Heda tinha um corpo de Vênus, que o tecido fino e delicado de uma renda finíssima, semelhante a teias de aranhas acumuladas a delicados e gentilmente dançantes ramos, nelas acumulado um orvalho revigorantemente fresco, com um brilho de lágrimas que só poderiam ter caído de algum céu. Seu rosto era tão belo que não sei descrevê-lo. Prometia a ventura divina e ao mesmo tempo a paixão sensual da mais perfeita concubina, em haréns alados, que alguns poucos poetas e visionários, talvez tenham o supremo privilégio, ao morrerem, de experimentar.

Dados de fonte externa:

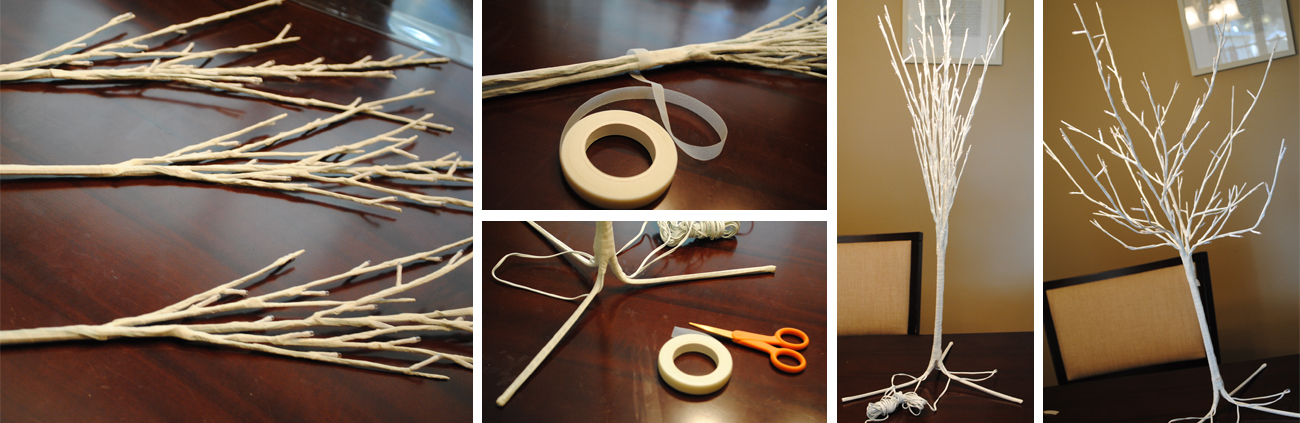 Take the three branches and tape them together with white floral tape. Bend the ends up at the bottom to make the them stand. Bend out the tops of the branches to make it look like a tree. Simple as that!
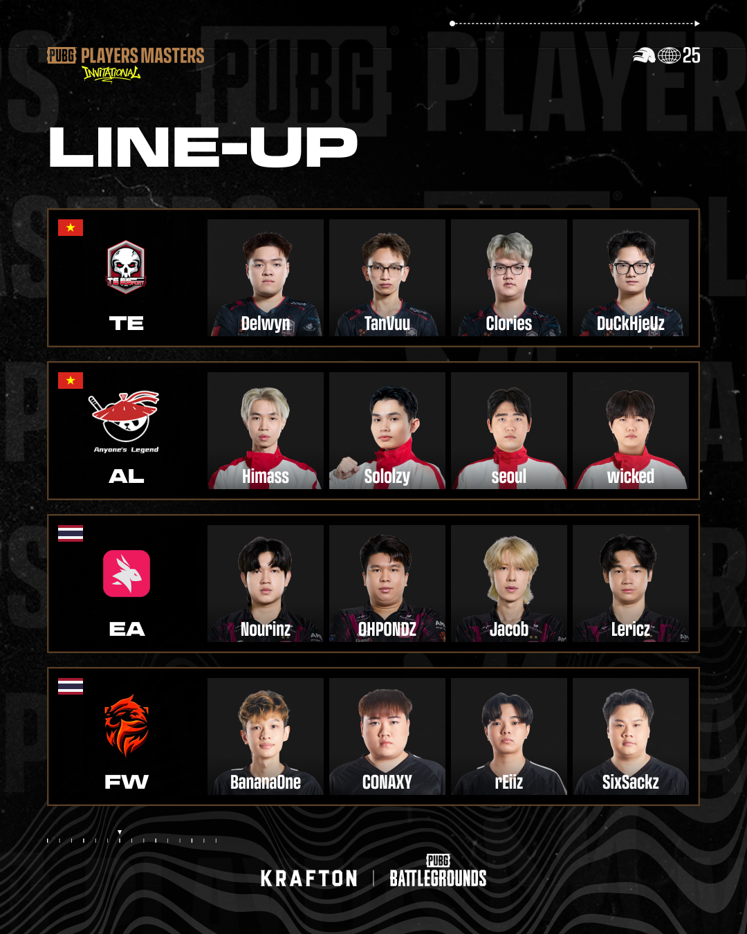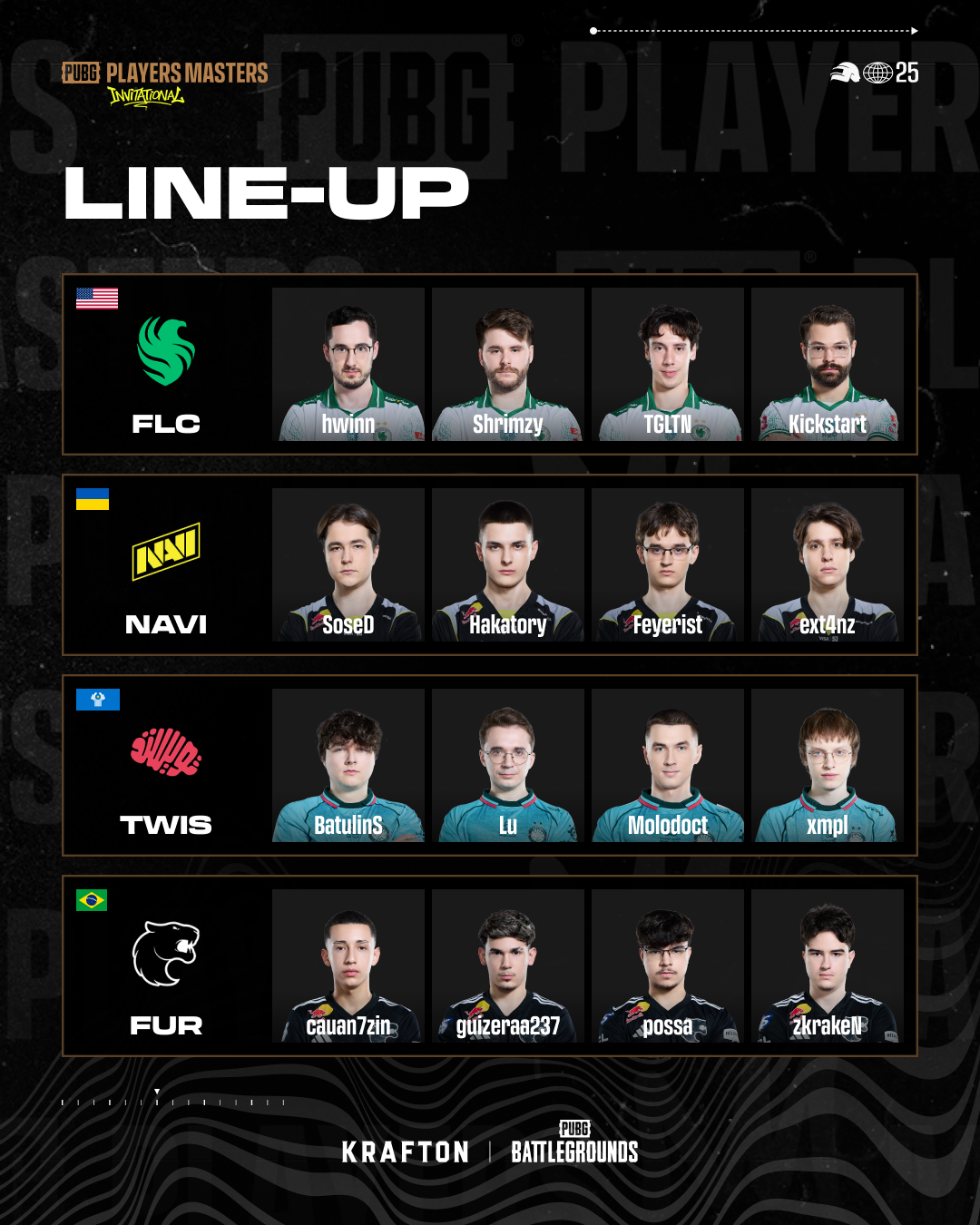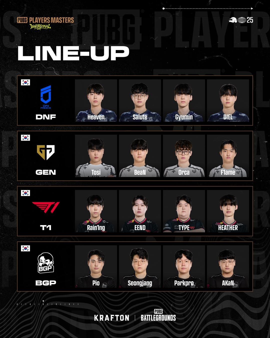 ■ 펍지 플레이어스 마스터즈 인비테이셔널 참가팀 및 로스터 안내

Entretanto, este foi o momento mais triste de minha vida. Tão triste que eu senti claramente que meu coração parou, se fez em pedaços, pedaços a mais do que ainda havia de intocado na fonte de minha sensibilidade, pedaços já dispersos por tantos amores contrariados. Sim. Ela olhou no meu rosto, viu minha incurável paixão, que em um só átimo tinha nascido e se elevado a alturas sublimes e quase intoleráveis, e disse, com a voz de uma criança caprichosa que torce e quebra o pescoço ou o ventre de um brinquedo indiferente: “Eu não te amo”.
E então, mal iniciada a lição, que versaria sobre astrologia esotérica antiquíssima (cujos códices encontrei numa caverna próximo ao mar negro, num dia invernal e desolador) , mal iniciara eu a falar, percebi que eu tinha perdido a voz, o poder de enunciar qualquer palavra. Que nunca falaria a ninguém. Nunca mais a vida para mim teria sabor algum. Mesmo o sabor do que é insípido (pois o insípido é afinal uma qualidade), nunca mais teria minha vida brilho, calor, pois o sol do dia e os astros misteriosos das noites tinham-se apagado e morrido, para sempre, com suas palavras. Tão poucas palavras. Quatro.
Eu, juntando em mim um último esforço, guardei comigo, como um homem são mete num saco um rato infectado com a pior peste, e jamais se separará dele, guardei aquelas palavras no ouvido do meu ânimo, voltei pelos corredores, alcovas, salões, pórticos com fontes de cristais e, afinal, estava de volta às ruas da cidade.
O povo inundava o mercado diante do palácio. Perguntei a um verdureiro por onde se chegava ao deserto mais próximo.
E no mesmo dia eu já tinha voltado à minha terra natal.